While other names have been raised in the Rams’ search, sources have told Yahoo Sports there is a business component that will also factor – specifically, the plan of Rams owner Stan Kroenke to sell hundreds of millions of dollars in personal seat licenses for the new Inglewood stadium. The Rams are expected to begin that effort in force in early 2017 – not exactly an ideal launching point with the Los Angeles fan base already seeming to have grown frustrated with the team.
That pending PSL sale campaign is believed to have played at least some part in Jeff Fisher being fired during the season – allowing the franchise additional time to target coaches who will have the gravitas to once again energize the base. One source was adamant about the bottom line of Kroenke’s ledger, stating that the Rams owner is wary of running into some of the problems experienced by the San Francisco 49ers after their massive PSL sales for Levi’s Stadium. Since selling millions of dollars in PSL’s for Levi’s, the 49ers have faced an onslaught of anger from fans unhappy with the team’s plummet since the stadium opened in 2014.
Marketed as “stadium building licenses”, the 49ers essentially sold out the 68,500-seat stadium to the Bay Area fan base using pricey one-time seat premiums that ranged from $2,000 to $80,000 per seat. Fans and corporations effectively paid the one-time fee to have the option to then purchase their seats each season. The 49ers even marketed the fee as an investment opportunity, basically with a theory that the seats themselves were an investment capable of increasing in value and then being sold or transferred down the line at a profit.
At the time, the approach was seen as a smart, aggressive move to finance part of a stadium that spiraled in cost. And it worked so well that a sizable contingent of 49ers fans who couldn’t afford the entire fee were allowed to finance the purchase with the team over a period of as many as 10 years. In a way, it was something like a car loan but for NFL tickets.

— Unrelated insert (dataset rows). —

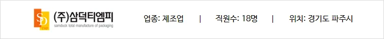 삼덕티엠피는 30년 넘게 UV인쇄, 패키지 제작의 길을 걸어왔습니다. 패키지는 우리의 일상 생활과 함께하고 있으며 생활을 편리하고 풍요롭게 만들어 줍니다. 좋은 패키지 개발과 생산은 산업사회 발전과 더불어 인류의 삶의 질을 향상시킵니다. 급변하는 시장 환경에 대응하며 고객 여러분이 원하는 독창적인 아이디어 개발과 최상의 품질을 실천하는 기업이 되겠습니다. 삼덕티엠피는 패키지 산업의 선두주자로서 더욱 큰 꿈을 향해 달려갑니다. 고객 만족을 최우선으로 하는 국내 최고의 패키지 전문 기업으로 성장할 것을 약속드리며, 변함없는 사랑과 관심을 부탁드립니다.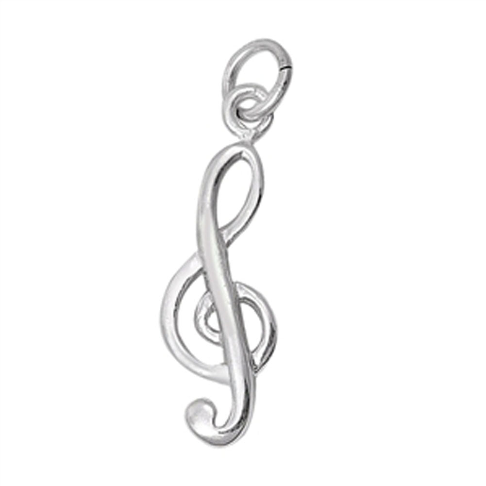 Elegant Spiral Music Note Pendant .925 Sterling Silver Treble Clef Charm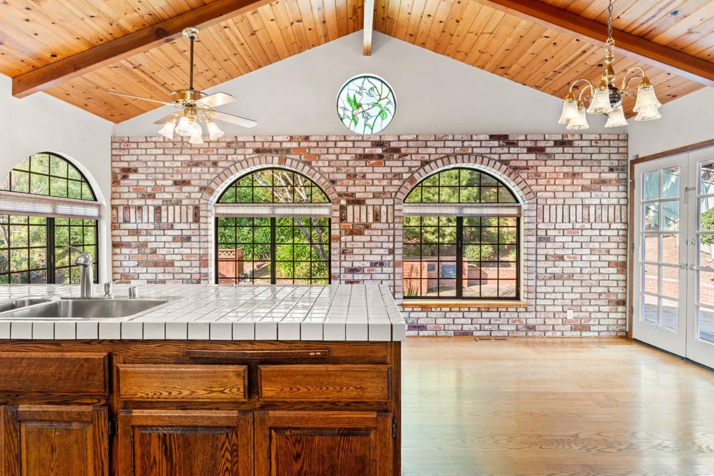 Spacious, well-maintained home with classic upgrades that still show beautifully. It offers a generous living area, a great layout, and a strong curb appeal throughout. A dual-purpose dining and living room feature a classic wood mantel fireplace, wood trim, and open, flowing layout perfect for both entertaining and after everyday living. The adjoining living space boasts an elegant full-wall fireplace mantel with custom built-in shelving and cabinetry. The warm and inviting kitchen features vaulted wood-beam ceilings, hardwood floors, tile countertops, custom wood cabinetry, and abundant natural light and its open layout is highlighted by a stunning brick accent wall and arched windows. Walk out to a private, resort-style backyard featuring a swimming pool, expansive patio, and mature landscaping. Terraced brick planters and serene hillside views create an outdoor retreat, ideal for relaxing, entertaining, and outdoor living. A versatile downstairs bonus room featuring a half-bath with direct access to the backyard. Upstairs living includes a spacious primary suite with en-suite bathroom plus two additional bedrooms. Located in a very desirable neighborhood close to schools, freeway access, BART, and vibrant downtown.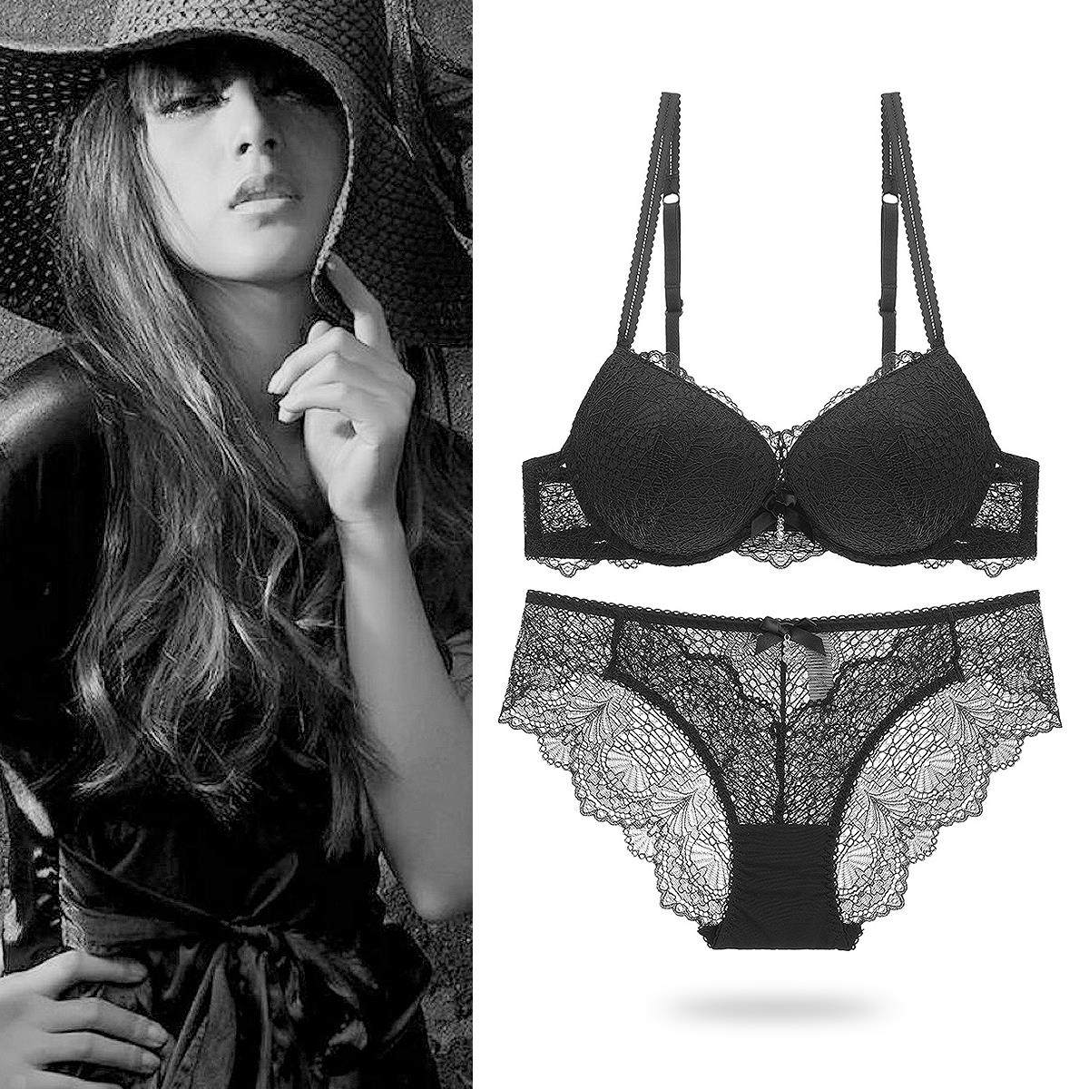 欧美新款性感文胸套装聚拢上薄下厚蕾丝收副乳调整型内衣女士胸罩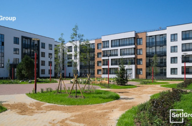 Во внутреннем просторном дворе оборудованы детские игровые площадки SetlKids, фитнес-станции SetlSport и уютные зоны отдыха для взрослых. Вокруг высажены деревья, декоративные кустарники, цветущие травы, обустроены извилистые пешеходные дорожки.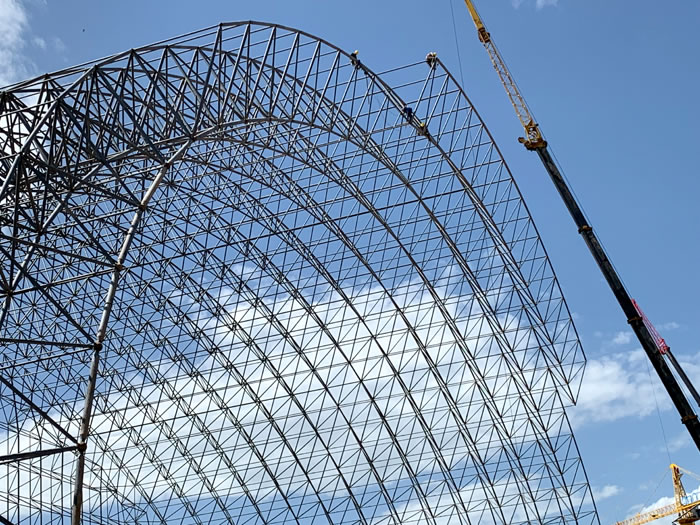 (2)网架加工前应对现场尺寸进行复测,确认无误后方可进行加工、安装;网架制作、运输、安装应遵守《空间网格结构技术规程》JGJ7-2010、《钢网架长宁螺栓球节点》JG/T 10-2009、《钢网架长宁螺栓球节点用高强度螺栓》 GB/T 16939-2016、《长宁钢结构长宁工程长宁施工规范》 GB50755-2012、《长宁钢结构长宁工程施工质量验收标准》 GB50205-2020。

Three seasons later, there have been growing complaints from those PSL purchasers who have seen the 49ers struggle significantly and the investment aspect of the seat purchases seem misguided. Worse yet for the team, there have been reports of fans defaulting on the financing for the tickets – something that was enough of a concern that members of the Santa Clara Stadium Authority have had a dialogue with the 49ers about the default rate. The 49ers have insisted the default rate on the financing has been low, but there is no way to know the exact figure without the team releasing closely guarded financial details.
All of this is food for thought for the Rams, who may be in a more significant bind than the 49ers. Not only does the Los Angeles franchise have to worry about selling the PSLs in the first place, it also has to worry about keeping fans who finance the deals from defaulting if the team isn’t competitive.
Make no mistake, all of this is in play right now. It’s not just a search for the best possible football coach for the Rams, it also appears to be the search for the most sellable coach, too. With a 4-10 team that is dealing with poor publicity and at least a partial retooling ahead, that is pointing the franchise into the direction of big names. And for now, focusing the gaze on Gruden, whose profile may be bigger now than ever before.